### [ASSIGNED TASK]
Please give back the listing exactly, without any of its pictures.

── DATA FOR THIS TASK ──

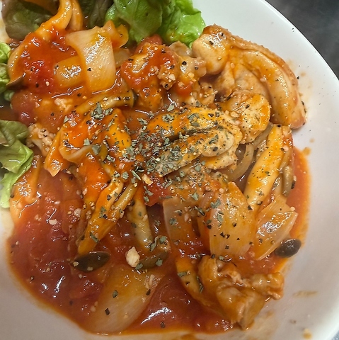 トマトの酸味が爽やかに味わえるトマトソースは、きのこの素材の旨味に相性バッチリです♪チキンの食べ応えのある食感で満足感がある【チキンのトマトソース煮込み】は900円とリーズナブルな価格でのご用意なので、コスパも良い◎追加トッピングでオリジナリティあるカスタマイズもおススメです☆
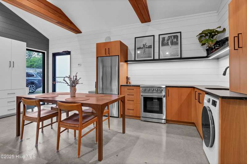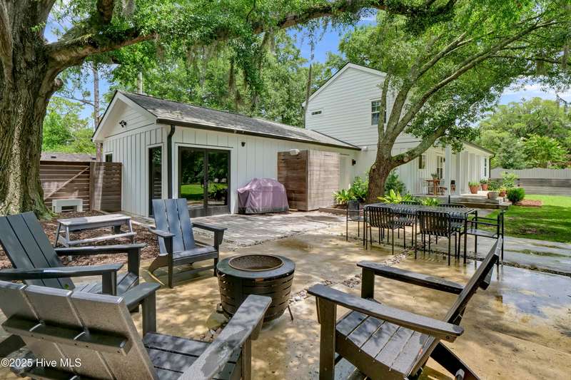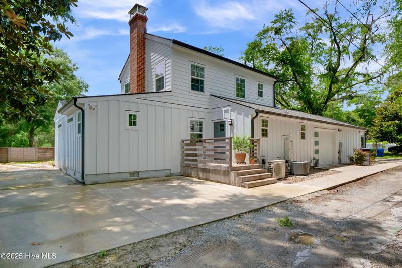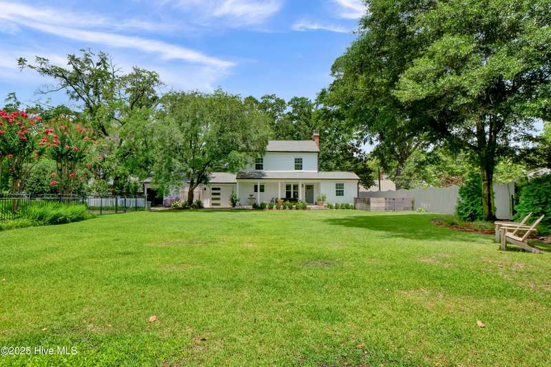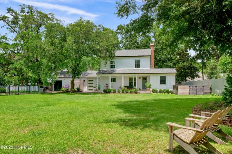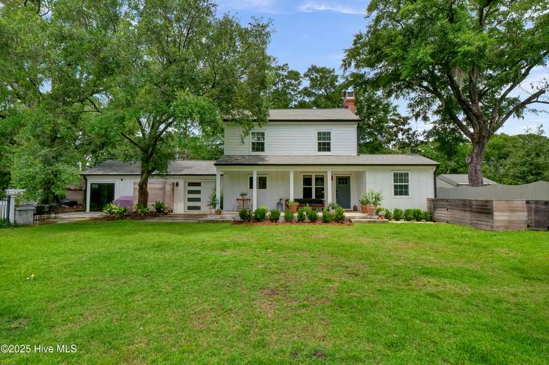 Nestled in the heart of Midtown Wilmington, just minutes from the sand and surf of Wrightsville Beach and a quick hop to downtown Wilmington, this home effortlessly blends charm, function, and flexibility. With 4 spacious bedrooms, 3.5 beautifully updated bathrooms, that includes a studio apartment complete with its own kitchen and bath, there's space for everyoneand every stage of life. The interiors are a thoughtful mix of classic craftsmanship and modern touches, from warm wood accents to clean lines and curated details. The yard is expansive and lush, perfect for morning coffee under the trees or weekend gatherings in the sun.
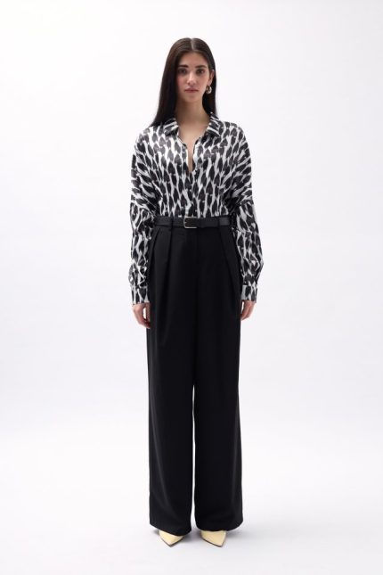 Kadın Uzun Kollu Yakadan Fermuarlı Viskon Bluz
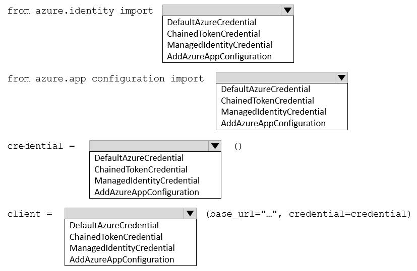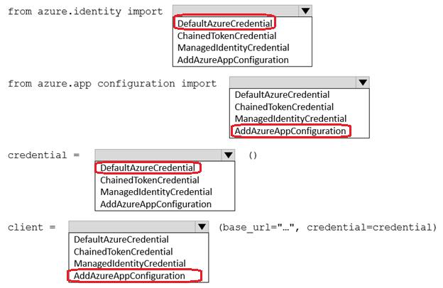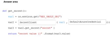 How should you complete the code? To answer, select the appropriate options in the answer area.
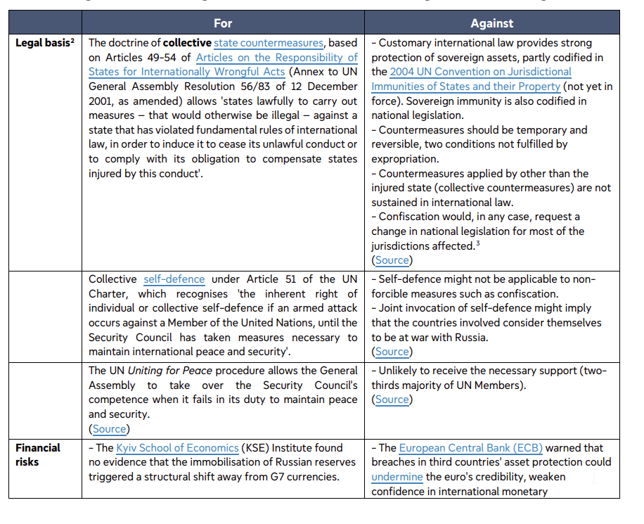 Relansot is članka iz EU parlameta : Confiscation of immobilised Russian sovereign assets State of play, arguments and scenarios
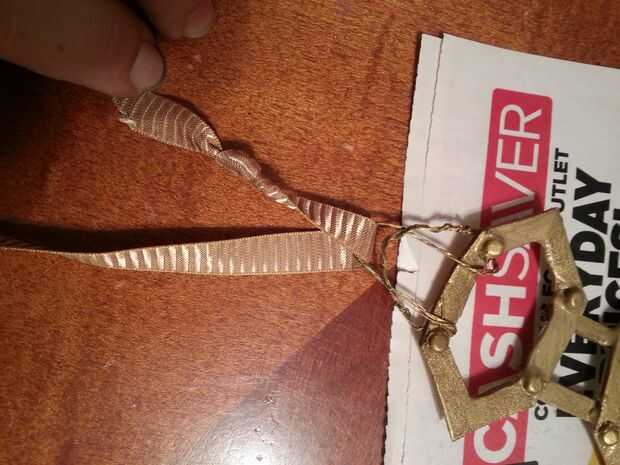 Cortar unos 10" de cinta dorada y un nudo en los extremos. Bucle de los bucles de alambre y lazo en la parte posterior del cuello.

───

### [OUTPUT FOR THIS EXERCISE]
 トマトの酸味が爽やかに味わえるトマトソースは、きのこの素材の旨味に相性バッチリです♪チキンの食べ応えのある食感で満足感がある【チキンのトマトソース煮込み】は900円とリーズナブルな価格でのご用意なので、コスパも良い◎追加トッピングでオリジナリティあるカスタマイズもおススメです☆
 Nestled in the heart of Midtown Wilmington, just minutes from the sand and surf of Wrightsville Beach and a quick hop to downtown Wilmington, this home effortlessly blends charm, function, and flexibility. With 4 spacious bedrooms, 3.5 beautifully updated bathrooms, that includes a studio apartment complete with its own kitchen and bath, there's space for everyoneand every stage of life. The interiors are a thoughtful mix of classic craftsmanship and modern touches, from warm wood accents to clean lines and curated details. The yard is expansive and lush, perfect for morning coffee under the trees or weekend gatherings in the sun.
 Kadın Uzun Kollu Yakadan Fermuarlı Viskon Bluz
 How should you complete the code? To answer, select the appropriate options in the answer area.
 Relansot is članka iz EU parlameta : Confiscation of immobilised Russian sovereign assets State of play, arguments and scenarios
 Cortar unos 10" de cinta dorada y un nudo en los extremos. Bucle de los bucles de alambre y lazo en la parte posterior del cuello.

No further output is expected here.